• [YOUR OBJECTIVE] If a line below falls between the line with "莫斯科红场古姆市集除了摊贩及" and the line with "ассорти, пакет, европодвес", or is one of those two, output it exactly; output nothing else and no pictures.

[DATA — start]

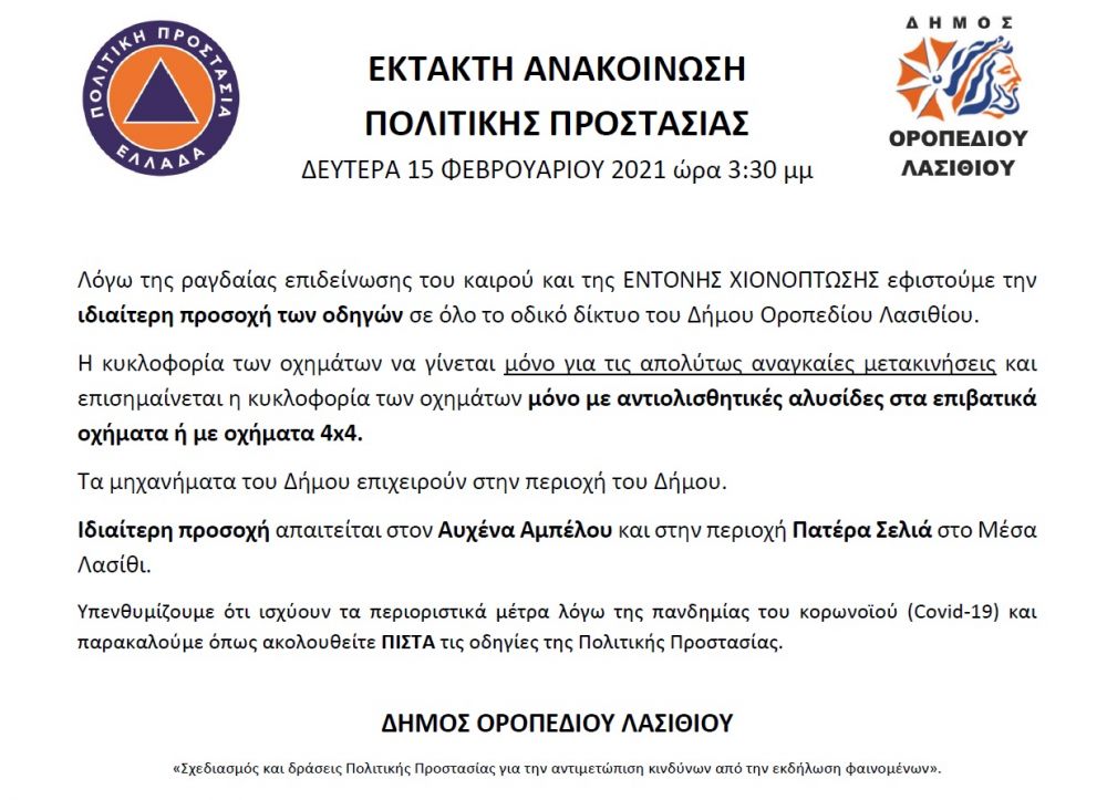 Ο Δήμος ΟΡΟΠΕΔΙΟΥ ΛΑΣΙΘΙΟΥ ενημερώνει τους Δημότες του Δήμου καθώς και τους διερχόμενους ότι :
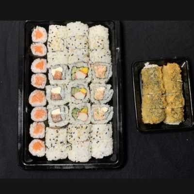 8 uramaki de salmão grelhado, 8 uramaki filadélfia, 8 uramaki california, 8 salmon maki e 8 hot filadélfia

[DATA — finish]
[DATA — start]

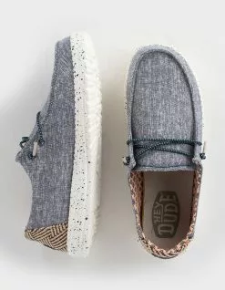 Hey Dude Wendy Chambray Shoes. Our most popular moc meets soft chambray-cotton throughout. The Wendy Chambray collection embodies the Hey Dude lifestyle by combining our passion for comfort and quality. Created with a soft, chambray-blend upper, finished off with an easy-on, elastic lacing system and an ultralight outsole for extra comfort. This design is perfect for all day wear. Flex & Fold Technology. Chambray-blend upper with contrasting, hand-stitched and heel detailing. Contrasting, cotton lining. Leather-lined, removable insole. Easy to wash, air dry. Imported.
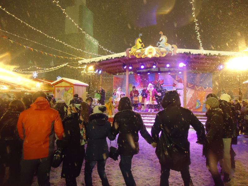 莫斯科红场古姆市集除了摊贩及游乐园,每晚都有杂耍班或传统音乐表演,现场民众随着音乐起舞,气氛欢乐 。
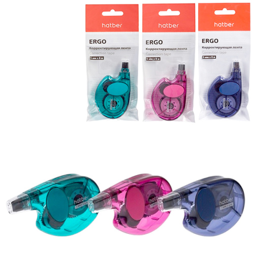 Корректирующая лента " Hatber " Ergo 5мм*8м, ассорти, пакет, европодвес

[DATA — finish]

• [SOLUTION FOR THIS EXERCISE]
 莫斯科红场古姆市集除了摊贩及游乐园,每晚都有杂耍班或传统音乐表演,现场民众随着音乐起舞,气氛欢乐 。
 Корректирующая лента " Hatber " Ergo 5мм*8м, ассорти, пакет, европодвес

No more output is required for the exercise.